I encountered another social speed-bump when sharing a suite of four bedrooms with seven other women in my freshman dorm. One of them called out to me with a question, and I came out of my room with tampon in hand, joined them in the living room and started chatting. A few sets of eyes kept darting to my hand. ‘What are they looking at?’ I thought. Not one to allow the elephant in the room to go unmentioned, I ended a sentence with, “Dah-ling,” and pantomimed smoking my tampon like a 1950’s Hollywood starlet. A couple eyebrows shot up. ‘Why aren’t they laughing?’ I thought. I had found a point of cultural disconnect that I never knew existed between white, female Americans of the same age on a topic we all shared. Initiate shock-echo.
In high school, I went through a rapid shift of hiding tampons when I went to the bathroom to tossing them into the air for fun while I waited outside for a stall to open up. I give credit to the healthy self image the school managed to help instill in me as a female while still teaching Catholic values (quite a balancing act), and to my parents. The first day of my first menstruation, my parents congratulated me. My mom gave me a pad, then told my dad, who came rushing into my room and literally said, “Congratulations, sweetie!” before pulling me into a bear hug. It was a healthy environment for a young woman, which did nothing to prepare me for the shame and secrecy I would be expected to keep surrounding my menstrual cycle in the future.

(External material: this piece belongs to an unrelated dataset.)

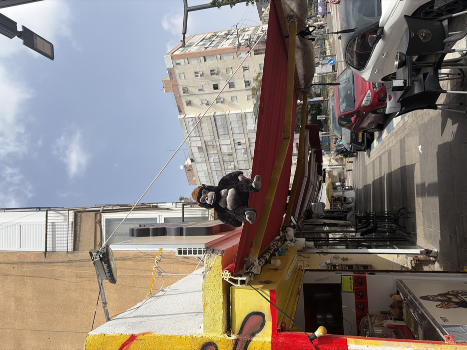 - "A large, black and light brown plush gorilla figure is seated centrally on a red fabric awning extending from a multi-story building facade in Givatayim, Israel" by FM-jWoq23, licensed under CC BY 4.0

I work in an office now, and I wonder where the line is for unprofessional behavior when I comes to dealing with natural bodily functions. Is walking to the bathroom with a tampon in hand unprofessional? My knee-jerk reflex says yes, but why? Is it any less professional than carrying a box of tissues around if you’re sick? Using a tampon is evidence of health and fertility, while being sick is proof of a weak immune system, and a threat to the health of everyone in a twenty-foot radius. We should be more offended by the sickly than the fertile, given that menstruation isn’t a catching illness, and yet the male (and sometimes female) population occasionally reacts like I’m walking through the halls of my office holding a grenade instead of thanking me for doing what must be done to keep myself from bleeding all over everything for days at a time. YOU’RE WELCOME, PEOPLE.
This needs to stop. There’s no reason for me to feel ashamed of my ability to menstruate. I’m capable of building an entire person. That’s AMAZING. I should get high-fives on my way to the bathroom, not shunned and encouraged to keep what is essentially a super-power in the down-low. I’ve never understood the culture of shame that surrounds menstruation. So I’m done hiding my tampons at work. Anyone so horrified by the blatant display of my (and by extension, half of the human population’s) desire to keep blood stains out of the office chairs is welcome to explain themselves. Starting now.